If you are lucky enough to own the TIMIT database, or are willing to buy it from here, you can use this simple script to prepare the HDF5 files, similarly to how it was done with the Voxforge dataset. For a detailed explanation of all the steps, refer to the VoxforgeDataPrep notebook.

To make things brief, a lot of functions were implemented as a library and stored in the timit.py script in the python directory. We will include these methods here.


In [1]:
import sys

sys.path.append('../python')

from timit import *

TIMIT alignments

We begin by loading a list of files and their alignemts. The methods below will load the PHN files and their corresponding audio and store them in a list, just like with the VoxForge database. The method here requires a list of files to load and their location. A list of files for the corresponding dataset is included in the repository. More about the actual counts is written in the sections below.


In [2]:
train_corp=prepare_corp_dir('../data/TIMIT_train.list','../TIMIT/train')
dev_corp=prepare_corp_dir('../data/TIMIT_dev.list','../TIMIT/test')
test_corp=prepare_corp_dir('../data/TIMIT_test.list','../TIMIT/core_test')



CNTK alignemnts

NOTE: use this section only if you need to do sequence decoding

Another source of information is a Deep Learning library project called CNTK released by Microsoft. The files in question are located on their Github page in the CNTK/Examples/Speech/Miscellaneous/TIMIT/lib/mlf/ folder. I have copied this into my data folder. What we're interested in are the MLF files that have state-level alignments, that is each phoneme is modeled by a sequence of 3 states (ending in s2, s3 and s4; 1 and 5 are non-emitting states not present in the output).

Many papers use this model of 183 so-called sonemes instead of the 61 phonemes present in the original corpus. If you are doing the sequence decoding task, you may want to use these alignemnts instead. For framewise phoneme classificaion use the alignemnts above, as these are not accurate enough for that task.


In [ ]:
train_mlf=load_mlf('../data/mlf/TIMIT.train.align_cistate.mlf.cntk')
dev_mlf=load_mlf('../data/mlf/TIMIT.dev.align_cistate.mlf.cntk')
test_mlf=load_mlf('../data/mlf/TIMIT.core.align_cistate.mlf.cntk')
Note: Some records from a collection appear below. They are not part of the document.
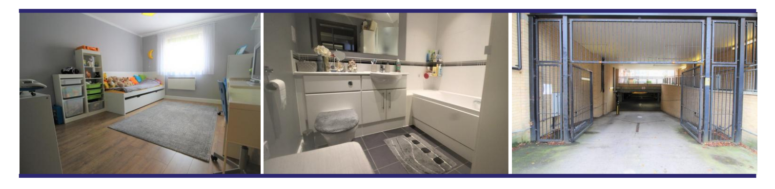
511 sq.ft. (47.5 sq.m.) approx.
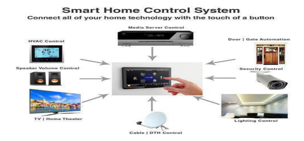
Fig 1: Smart Home Control System

The home automation is controlling of home devices from central control point, automation is todays leading project where most of the things are being completely automated. Where , every task of turning on or off certain devices and beyond, either remotely or in close proximity. The concept of this is wireless connected network such as IEEE 802.11 (Wi-Fi) . Nowadays the popularity of wireless networks at home (sensors also ) has increased a lot, and the advanced computer technology has made easy to communicate through the wireless networks. Hence, it is suitable for using RF-based location, these system to estimate location of the personal digital device in a home environment with high data transmission. Where supporting to multimedia application , it may be feasible in WLAN.
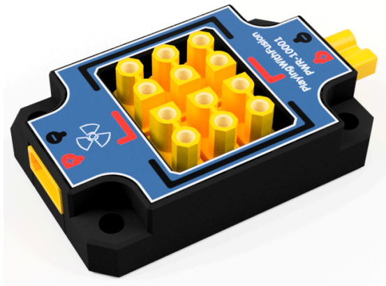
Figure 1: PWR-10001
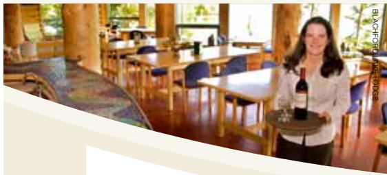
BLACHFORD LAKE LODGE
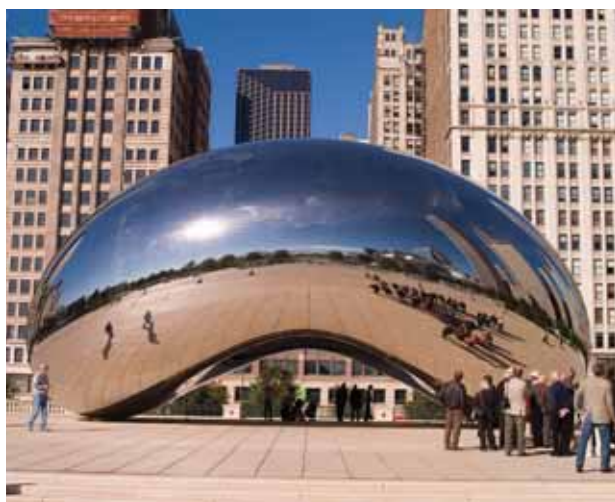
Cloud Gate is made of highly polished steel plates.
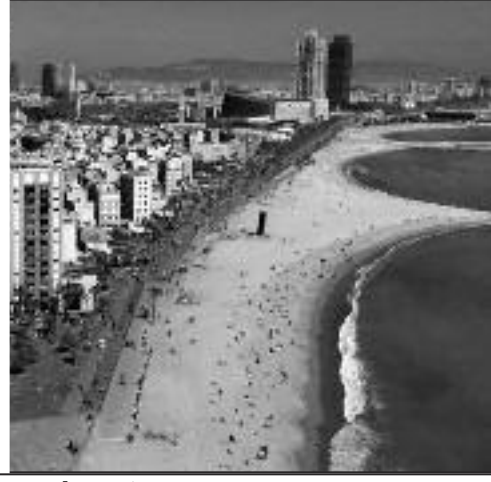
The Barceloneta Left: in the 1960s; Right: in the 1990s

need to live, and enjoy life, meeting the needs
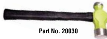
Part No. 20030
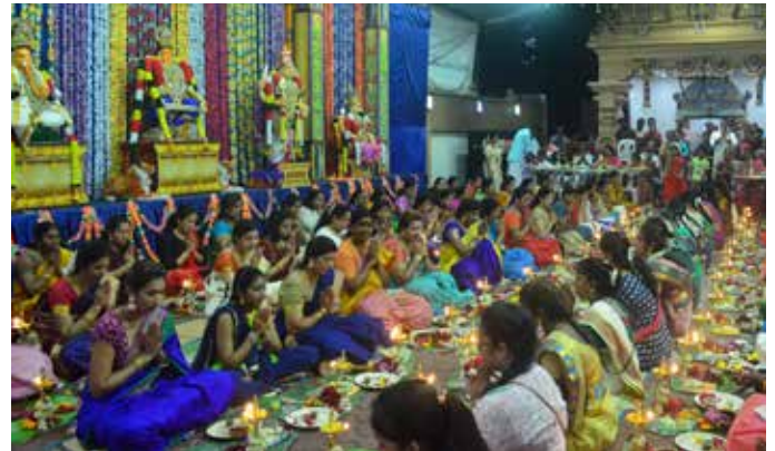
108 devotees performed the special vilakku poojai on 12 November 2017 as a culmination of the two-day event.
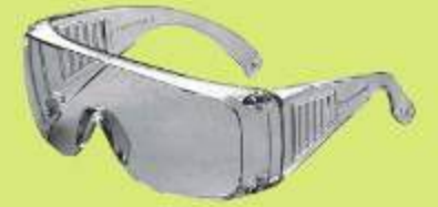
UV Protection Goggles
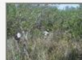
P5220100.JPG Sphagnum swamp in Sarstoon Temash NP
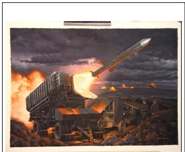
Artistic rendering of the launch of an Exocet by the ITB. 29

Among others, Tokyo is trying to reinforce economic and political relations with a wide range of actors. These include ASEAN member states, India, and Mongolia, just to mention a few. Prime Minister Abe Shinzo also seems to attach great importance to improved relations with Russia, and this is matched by a corresponding interest by Russian leader Putin. It is reinforced by both countries' needs for energy trade diversification, Russia as exporter and Japan as developer and importer. Moscow and Tokyo show how territorial disputes and historical mistrust are not necessarily an obstacle to better relations, when the political will and economic incentives are there on both sides. Japan has also been quick to assist the Philippines recover from Typhoon Haiyan / Yolanda, in a move made the more important since it is one of the countries that Imperial Japan occupied during the Second World War. On the trade front, while facing a number of obstacles, Tokyo is one of the actors clearly interested in a successful outcome to the Trans-Pacific Partnership (TPP) negotiations.
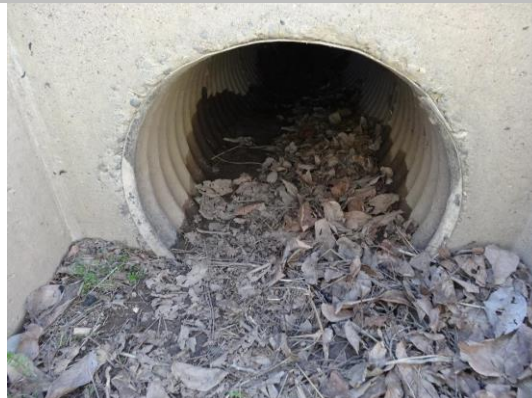
LS view: U type concrete headwall and CMP on levee slope. Soil/mud and vegetation on inlet box.
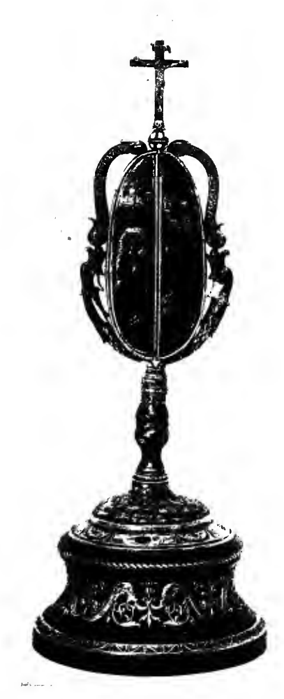
GOLD AND ENAMEL TRIPTYCH Milanese, late fifteenth century
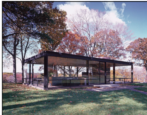
Glass House, National Trust Historic Site

The National Trust for Historic Preservation announces the creation of Heritage Travel, Inc., a new initiative designed as the definitive place for travelers to discover the breadth of heritage and cultural travel opportunities.
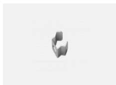
108-0002, F wall fastening for 108-301K
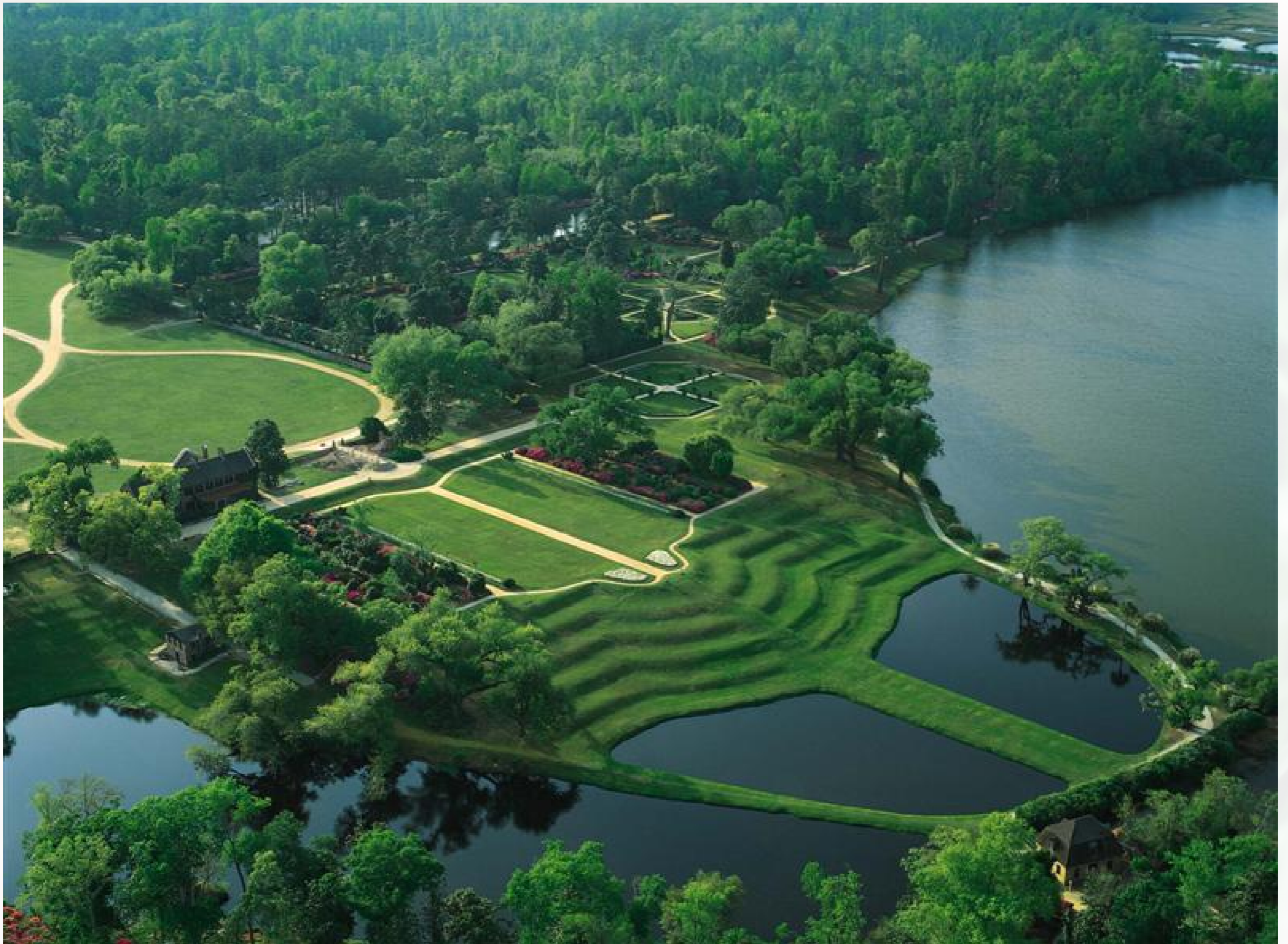
Butterfly Lakes, Middleton Place
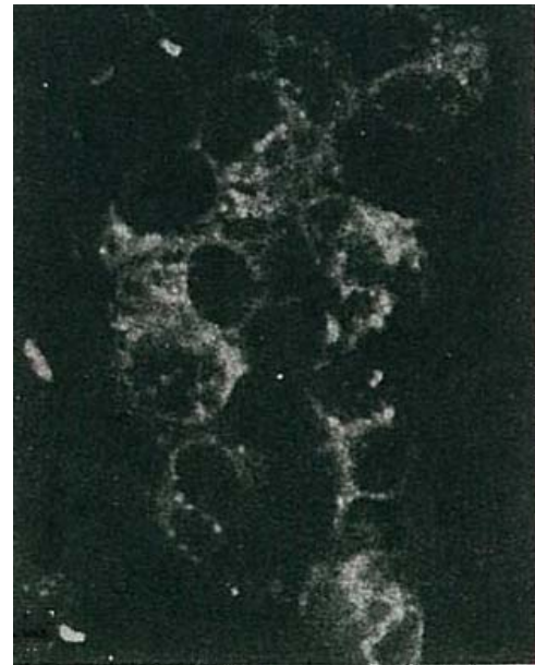
Fig.2 Detection of HCV NS5a protein by immunofluorescence antibody staining. Chimpanzee liver cells were infected with recombinant vaccinia virus containing a HCV genome cDNA. After incubation for 48 hr, the cells were fixed with acetone and HCV NS5a protein was detected by indirect immunofluorescence staining using this antibody.
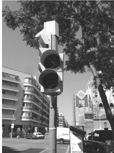
Fig. 4. The bicycle path with a dedicated traffic light in Barcelona (Near the world-famous monument of Antoni Gaudí “Sagrada Familia”).

It is also important to note that there are well-developed bicycle infrastructure, traffic lights, and traffic signs strictly reserved for bicyclists in Barcelona. Fig. 4 illustrates a typical bicycle path with a dedicated traffic light [18; 1080–1082].
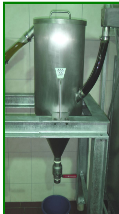
4 x 60 l sedimentation unit (stainless steel)
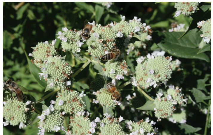
Figure 2. Honey bees foraging on a flowering plant.
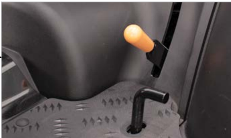
Differential lock is standard with foot pedal engagement for SA223, SA325, and SA425.
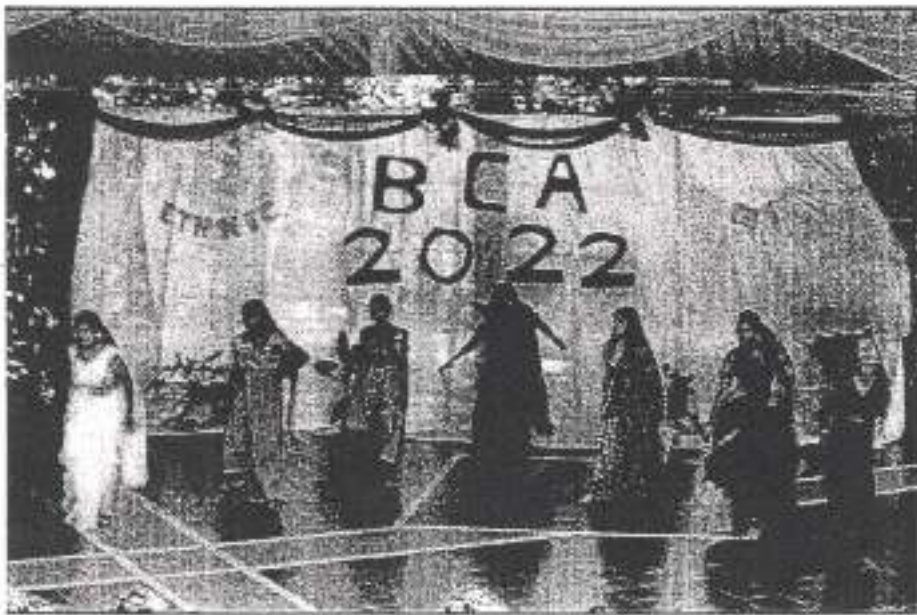
Pic 4 : Performance by BCA girls of 1st Sem.
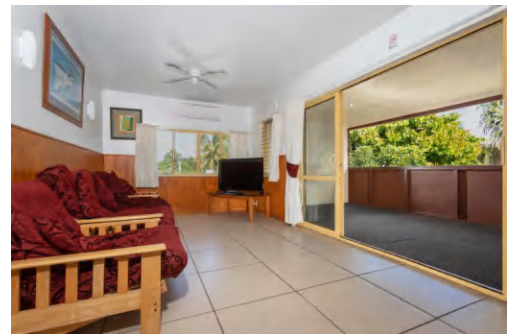
2 Bedroom Deluxe Suite - Lounge
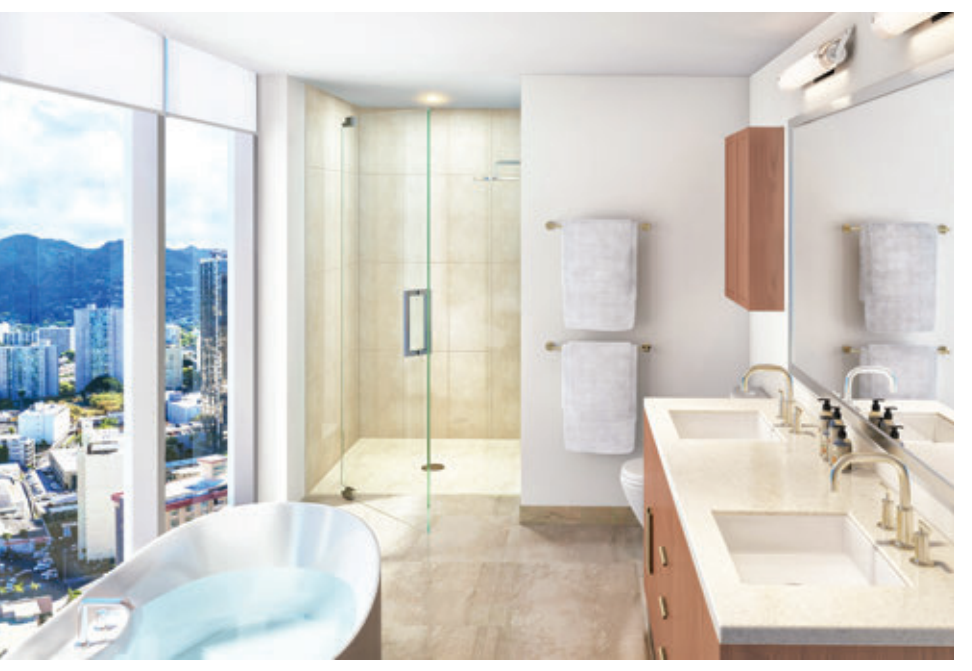
ARTIST'S RENDERING | TYPE A-4 MASTER BATHROOM | LEVEL 26

The prepare_corp method will load all the audio and prepare the soneme lists from the MLF into the same format as presented in the VoxforgeDataPrep notebook. Again, run this only if you need to do sequence decoding:


In [ ]:
train_corp=prepare_corp(train_mlf,'../data/mlf/TIMIT.statelist','../TIMIT/train')
dev_corp=prepare_corp(dev_mlf,'../data/mlf/TIMIT.statelist','../TIMIT/test')
test_corp=prepare_corp(test_mlf,'../data/mlf/TIMIT.statelist','../TIMIT/core_test')

About the corpus

TIMIT was originally split into several parts. The largest is the trianing portion with 3696 utterances spoken by 462 different people. The test set contains 1344 utterances, but most paper use a smaller portion of this, known as the "core test set" which has 192 files. Finally, there is also a portion that has many different speakers reading two identical sentences, known as the "SA" dataset. This last one is of little use for studying ASR, but may be interesting for research on speaker variablity and such stuff.

The Microsoft people use the standard 3969 training set - as do most other researchers presenting their results on TIMIT. They also use the core test set of 192 as everyone else. For the dev data, they use a collection of 400 sentences from the test set that aren't in the core set. Here we will use the same:


In [3]:
print 'Train utterance num: {}'.format(len(train_corp))
print 'Dev utterance num: {}'.format(len(dev_corp))
print 'Test utterance num: {}'.format(len(test_corp))


Train utterance num: 3696
Dev utterance num: 400
Test utterance num: 192

The datastructure describing the corpus is a list with objects containing the following information:


In [4]:
print train_corp[0].name
print train_corp[0].data
print train_corp[0].data.shape
print train_corp[0].phones
print train_corp[0].ph_lens


mfrm0_si1155
[ 5 -2  0 ...,  3  4  8]
(61748,)
[14, 36, 9, 59, 26, 51, 53, 0, 28, 39, 32, 46, 5, 49, 52, 18, 49, 59, 48, 7, 49, 37, 5, 10, 54, 40, 59, 48, 3, 38, 5, 10, 54, 40, 29, 59, 11, 50, 12, 22, 21, 44, 5, 48, 41, 33, 1, 0, 52, 5, 10, 54, 24, 59, 14]
[12, 4, 8, 5, 4, 5, 4, 7, 4, 6, 7, 3, 3, 6, 11, 13, 8, 8, 4, 11, 6, 2, 7, 4, 7, 16, 11, 6, 10, 2, 5, 7, 5, 14, 3, 6, 6, 8, 8, 4, 5, 2, 4, 6, 9, 9, 7, 15, 9, 5, 5, 3, 9, 15, 11]

Feature extraction

Here we extract the simple 39 MFCC feature set. This is the same method as in the VoxforgeDataPrep notebook. It stores the processed data into an HDF5 file containg an IN (for the features) and OUT (for phoneme classes) arrays for each utterance:


In [5]:
extract_features(train_corp, '../data/TIMIT_train.hdf5')
extract_features(dev_corp, '../data/TIMIT_dev.hdf5')
extract_features(test_corp, '../data/TIMIT_test.hdf5')



Here we normalize the data, same as before. This simply augments the database with a NORM array which is a per-utterance normalized version of the IN aray:


In [6]:
normalize('../data/TIMIT_train.hdf5')
normalize('../data/TIMIT_dev.hdf5')
normalize('../data/TIMIT_test.hdf5')